Press / Media | Cadiz News
World Cup no golden goose
28 January 2010
EXORBITANT prices, a strong rand and fewer-than-expected foreign visitors could scupper local retailers' hopes of significant sales boosts during the World Cup this year.
With Match, Fifa's official accommodation agent, relinquishing its rights to about 450 000 of the bed-nights it reserved at local hotels, a more sobering picture of this international event is emerging.
A poll released by Fifa yesterday showed public opinion towards staging the soccer tournament remains positive. But a study released by Cadiz Securities yesterday showed that retail spend would grow by only 0.2 percent during the event. Shamil Ismail and Jasmine Lin, research analysts from Cadiz, predict that even if SA Tourism's target of 10 million visitors is achieved this year, the higher visitor numbers would contribute no more than an additional R 803 million to retail spend in 2010.
Economists are equally concerned that expectations of a surge in retail spend are too optimistic, though some have indicated that more spending will take place in particular areas.
“Hotels, restaurants and alcohol sales will be boosted more specifically," said Kevin Lings, an economist from Stanlib. Lings said expectations were “probably too high" as there were a number of factors, including negative media reports about South Africa, to consider. “Our estimates are that the World Cup could add 0.4 percent to gross domestic product (GDP), which is quite significant," Sanlam Investment Management economist Arthur Kamp pointed to a number of conditions that suggested a retail upswing, including a decline in debt servicing costs. “But retail spend will not be as big as anticipated," Kamp said.
Ismail and Lin offered a reality check on ticket sales to date: “To reach the target of
10 million visitors this year, inbound tourism volumes will have to grow by 8.3 percent, or
764 000 visitors". Fifa revealed yesterday that two thirds (or 2 million) of the available tickets have already been sold.

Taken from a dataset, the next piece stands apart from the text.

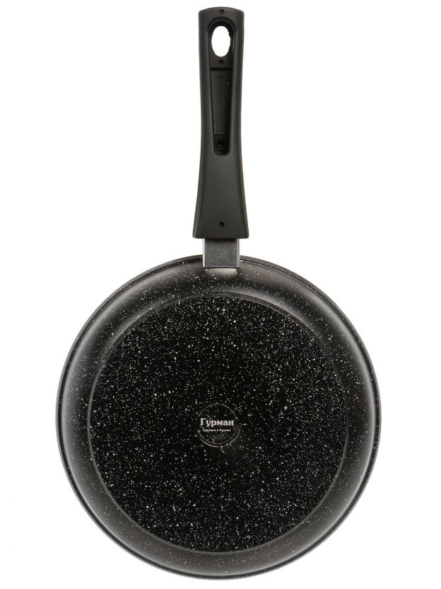 Сковорода Гурман FIT диаметром 24 см сочетает прочный литой алюминий и современное гранитное антипригарное покрытие. Благодаря высокой теплопроводности материал быстро нагревается, а толстое дно (5,2 мм) обеспечивает равномерное приготовление без деформации. Такой вариант идеально подойдет для жарки мяса, рыбы, курицы — продукты не прилипают, сохраняют вкус и сочность, а уход занимает минимум времени.
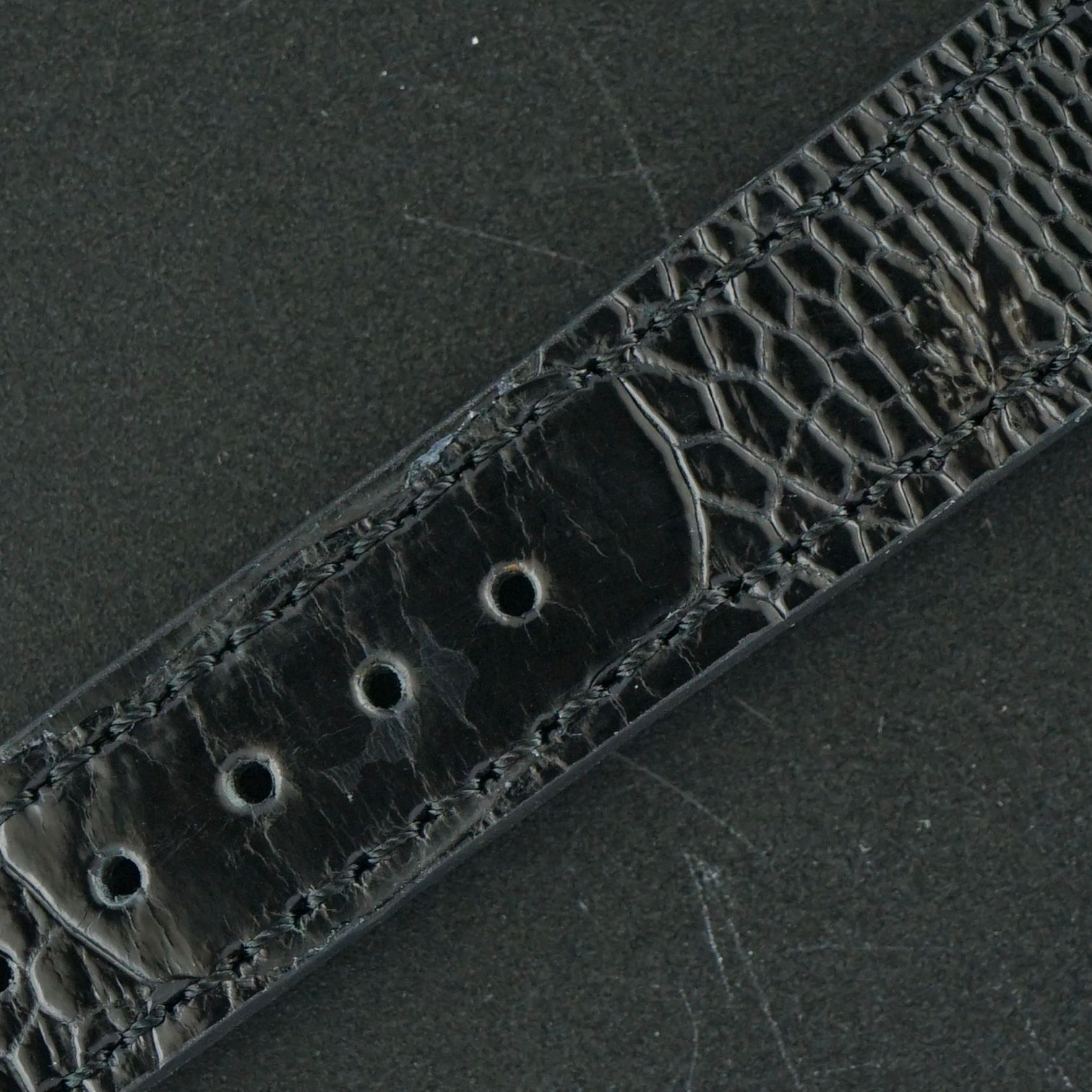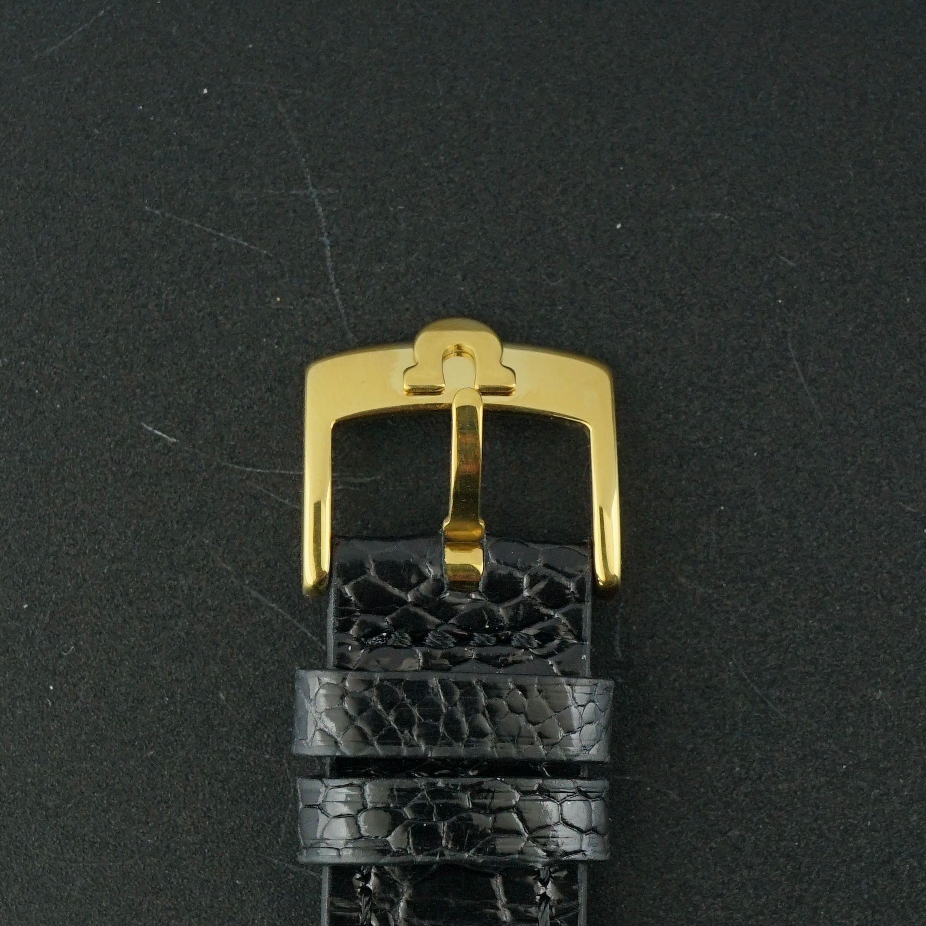 Strap: A black top-grain leather strap with a crocodile motif. (Fits a 12 to 20cm wrist)

But Cadiz's research showed tourist arrivals declined during the 2002 World Cup in Japan and South Korea due to fewer intra-Asia visitors, which was not offset by increased tourism from non-Asian countries. They believe this trend could be repeated in South Africa. “The bulk of tourists in South Africa originate from Africa and there is a fear that some tourists from Africa may avoid South Africa at the time of the World Cup," they said.

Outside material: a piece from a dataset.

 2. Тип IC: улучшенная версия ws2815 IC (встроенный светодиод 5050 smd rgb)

“The 2002 World Cup did not provide a substantial boost to retail sales in South Korea. Looking at local market conditions, we predict that consumer spend may grow by about 3 percent this year, taking into account such factors as the employment situation, changes, in electricity prices and taxes," the analysts said.
Their projections indicate that job losses are far from over and that even with some economic recovery during the second quarter, the net effect will still be average job losses of 334000 for 2010, eroding R 3.5 billion from the national consumer wallet. Ismail and Lin found that Massmart and Shoprite were likely to have stronger underlying growth due to the extent of their exposure to the lower income segments, while Foschini and Clicks may experience weaker market growth.
Barry Knichel, the general merchandise director at Pick n Pay, said he was positive about the World Cup period. “We have a whole new range planned, including toys, novelties and clothing for men, women and children," he said.
The Shoprite Group expected the sales of outdoor merchandise like camping chairs to increase compared with other winter seasons due to the high number of overseas visitors, said marketing director Brian Weyers.